On 11/20/2014 08:54 AM, jstnms123 at gmail.com wrote:
> Perhaps the reason programs are so inelegant, and so user-UNfriendly,
> and so bug-infested, is a natural consequence, when a field is
> dominated by creatures who know much more than they comprehend, and
> much less than they need to?  If, I think, you cannot explain a thing
> to me, you do not understand it.  After all, I'm a lot smarter than
> you, and I have thankfully learned make out a fool however obscurely
> he covers himself.

I'm not really sure what your point is, who are you are talking to, or
the purpose in replying to your own post from 5 years ago!  You seem to
be addressing "you" but I don't know who that is.
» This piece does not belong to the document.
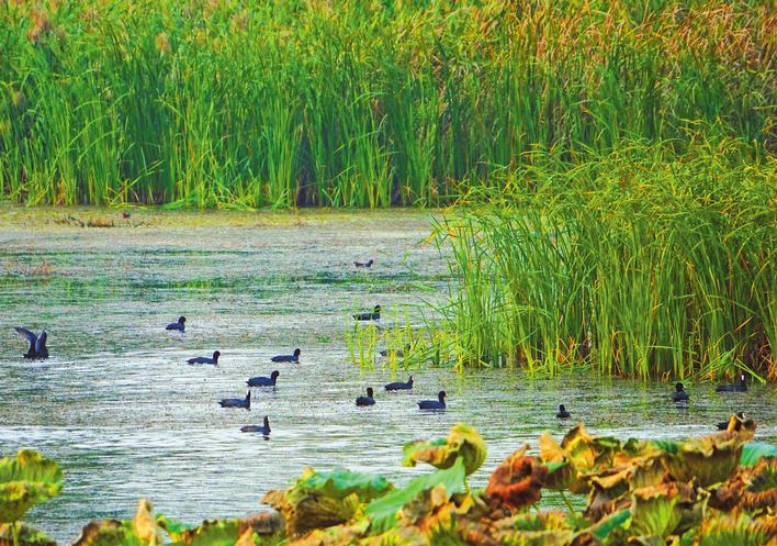 近日,巢湖市雙橋河周邊濕地陸續迎來國家二級保護動物白骨頂雞。
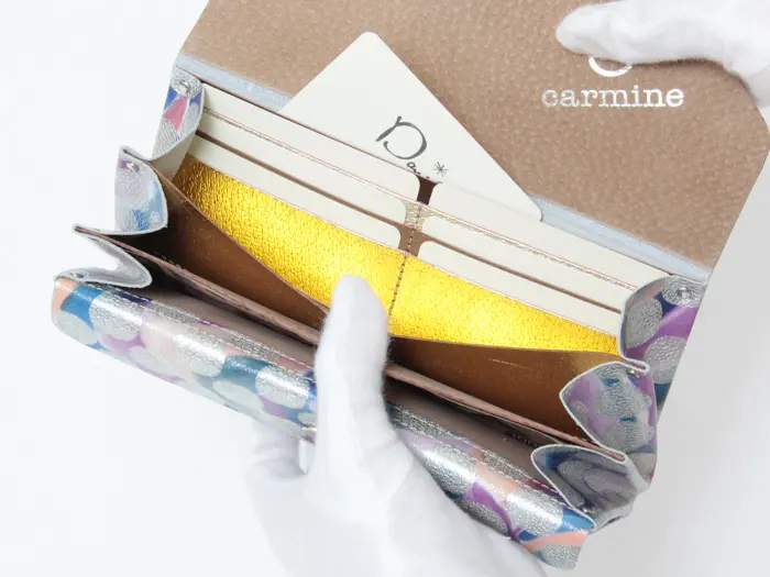 柔らかく軽いピッグスキンとしっかりした質感の牛革を使用。エナメルコーティングを施し、キズや汚れにも強くなっています。鮮やかな波と輝くドットが重なり合う、芸術的なデザイン。他ではない個性的な色使いに思わずトキメク、インパクトのあるcarmineのお財布です。

Kudos for apparently sticking with Python despite your struggles with
its documentation.

Personally I find the online docs to be *very* good, comparable to the
best of documentation for programming languages anywhere.  For example,
Python's official docs have either improved since your last look in
2009, or maybe you didn't know to look there:

https://docs.python.org/2/library/urllib2.html
https://docs.python.org/2/howto/urllib2.html

The "data" parameter that confused you so much in 2009 is explained very
clearly.  But if it's not clear enough, try it out and see what it does.
Python is a very discoverable language. Just fire up the interpreter and
try out code, and interrogate the returned objects (dir, help, etc).

Between the python docs and loads of helpful folk on this list and on
the web in general, I can do a google search on just about any
python-related coding question and find loads ("heaps" for Chris!) of
helpful information including complete examples, which I find very
helpful.  I'm sure google was around in 2009 when you last posted.
Surely you could have googled for python urllib example and found one.

For all your talk of communication and many words, you're saying very
little, I'm not at all sure what you are talking and to whom your
audience is.  Since you're apparently not explaining this does that mean
you don't understand it?  Methinks you are misrepresenting the adage
about being able to explain something is to understand it.  If an
engineer explains dynamic force analysis to you but you don't
understand, does that mean he really doesn't understand it? Of course
not. He just lacks the ability to explain it in terms of reference you
will understand, or maybe you lack prerequisite knowledge.  Study
engineering for a while and you'll understand him well enough.

If you're just trolling, hopefully the list will forgive me.